(Directions for this task) Before you reproduce the entries that follow, strip out any image they contain and keep the rest exact.

Records drawn from a dataset:
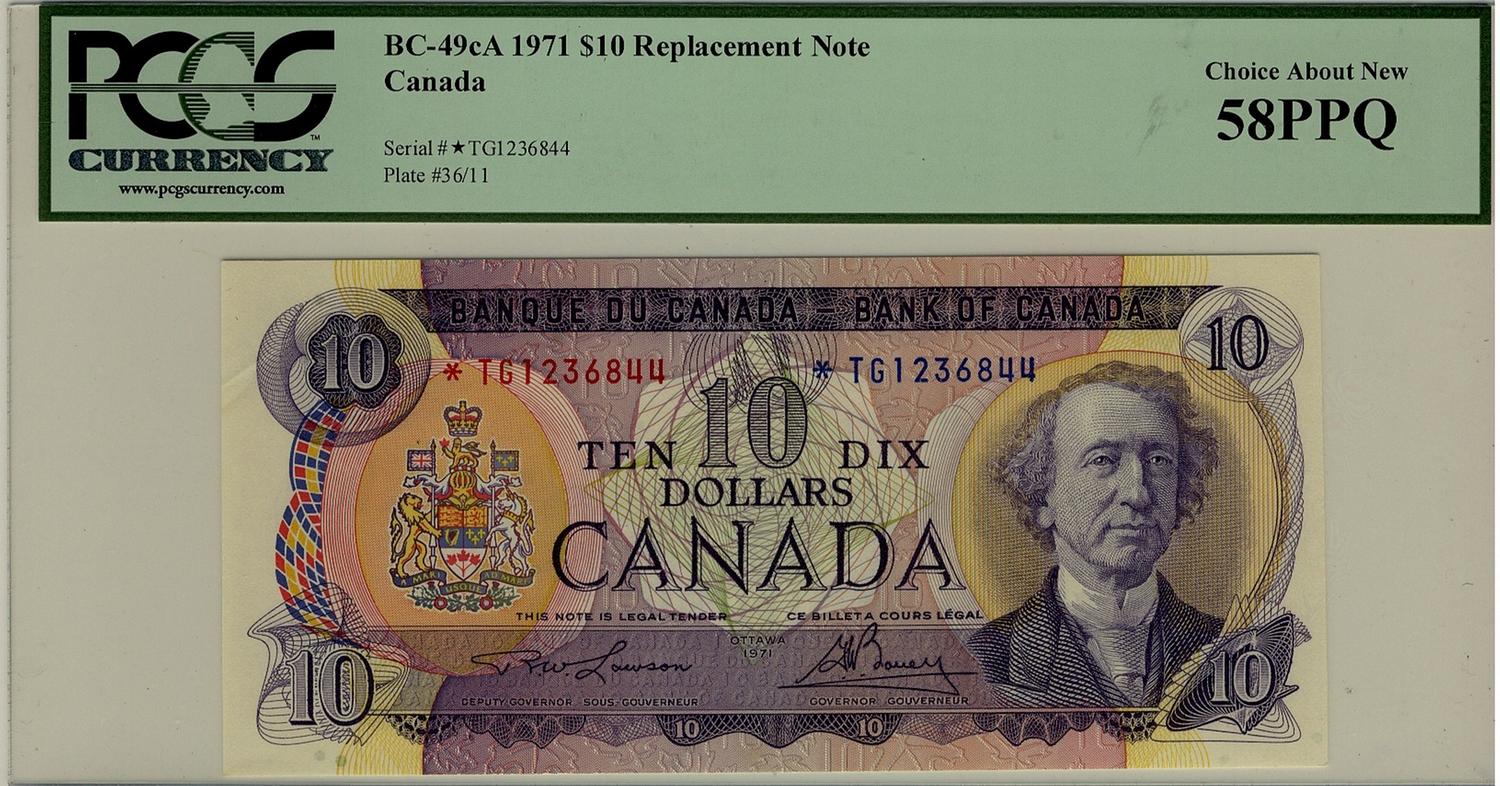 1971 $10 BC-49cA #*TG1236844 PCGS AU58PPQ
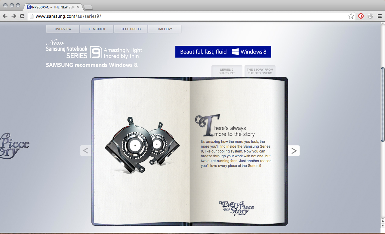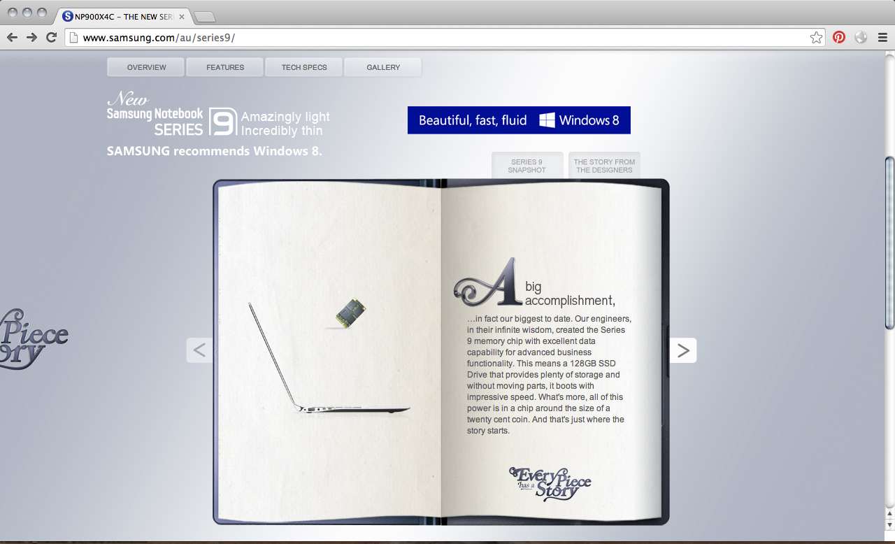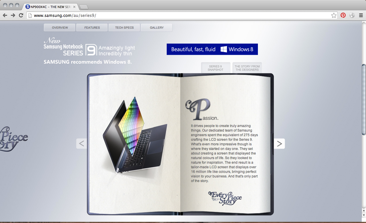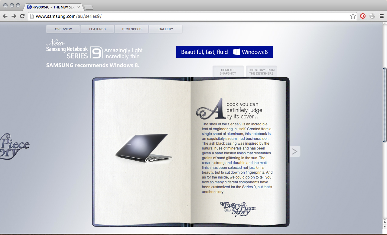 To showcase the expertise and craftsmanship that goes into a Samsung laptop, the launch of the Samsung Notebook Series 9 focussed on every equisite detail of the product. Each piece had it’s reason for being, its story told to reveal a direct benefit to the consumer. With coverage over digital, print, outdoor and special build, this campaign launched the Samsung Notebook Series 9 into Australia.
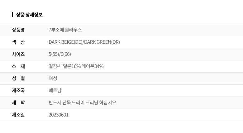 | 6. 세탁방법 및 취급시 주의사항 | 상세페이지 참조 |
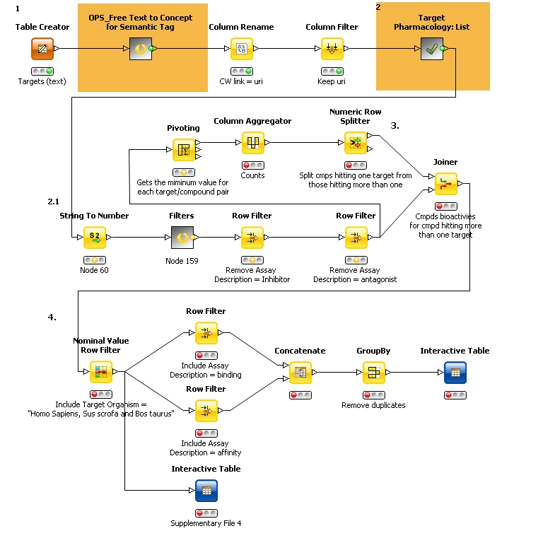 Workflow used to obtain data for the research paper ‘The application of the Open Pharmacological Concepts Triple Store (Open PHACTS) to support Drug Discovery Research’, currently submitted to PLOS ONE.
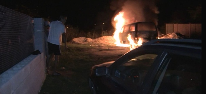 Un apel la 112 ii anunta pe pompieri ca o masina a luat foc la Mosnita Veche. Aceasta era parcata in fata unei case, iar proprietarii au fost cei care au zarit flacarile.
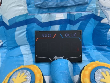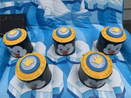 ペンギンの頭をタッチ!「ペンギンボタンタッチゲーム」のご紹介です。赤組と青組に分かれて対戦するこちらのゲーム。ペンギンの頭にあるボタンが赤・黄・青にランダムに光り、赤組の人は赤に光った時に、青組の人は青に光った時に上手くタッチすると得点が入ります。間違って相手の色をタッチしてしまうと、相手の得点になってしまいますのでご注意を!黄色はどちらの得点にもなりません。イベントに何か盛り上がる催しをとお考えでしたら、是非取り入れてみてください。ご利用お待ちしております!
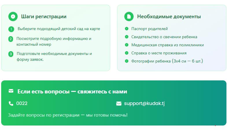 Решением председателя города Душанбе Рустама Эмомали 20 дошкольных учреждений столицы с охватом 5560 детей подключены к информационной платформе Kudak.tj, созданной для упрощения поступления детей в детские сады.

(Your response)
 1971 $10 BC-49cA #*TG1236844 PCGS AU58PPQ
 To showcase the expertise and craftsmanship that goes into a Samsung laptop, the launch of the Samsung Notebook Series 9 focussed on every equisite detail of the product. Each piece had it’s reason for being, its story told to reveal a direct benefit to the consumer. With coverage over digital, print, outdoor and special build, this campaign launched the Samsung Notebook Series 9 into Australia.
 | 6. 세탁방법 및 취급시 주의사항 | 상세페이지 참조 |
 Workflow used to obtain data for the research paper ‘The application of the Open Pharmacological Concepts Triple Store (Open PHACTS) to support Drug Discovery Research’, currently submitted to PLOS ONE.
 Un apel la 112 ii anunta pe pompieri ca o masina a luat foc la Mosnita Veche. Aceasta era parcata in fata unei case, iar proprietarii au fost cei care au zarit flacarile.
 ペンギンの頭をタッチ!「ペンギンボタンタッチゲーム」のご紹介です。赤組と青組に分かれて対戦するこちらのゲーム。ペンギンの頭にあるボタンが赤・黄・青にランダムに光り、赤組の人は赤に光った時に、青組の人は青に光った時に上手くタッチすると得点が入ります。間違って相手の色をタッチしてしまうと、相手の得点になってしまいますのでご注意を!黄色はどちらの得点にもなりません。イベントに何か盛り上がる催しをとお考えでしたら、是非取り入れてみてください。ご利用お待ちしております!
 Решением председателя города Душанбе Рустама Эмомали 20 дошкольных учреждений столицы с охватом 5560 детей подключены к информационной платформе Kudak.tj, созданной для упрощения поступления детей в детские сады.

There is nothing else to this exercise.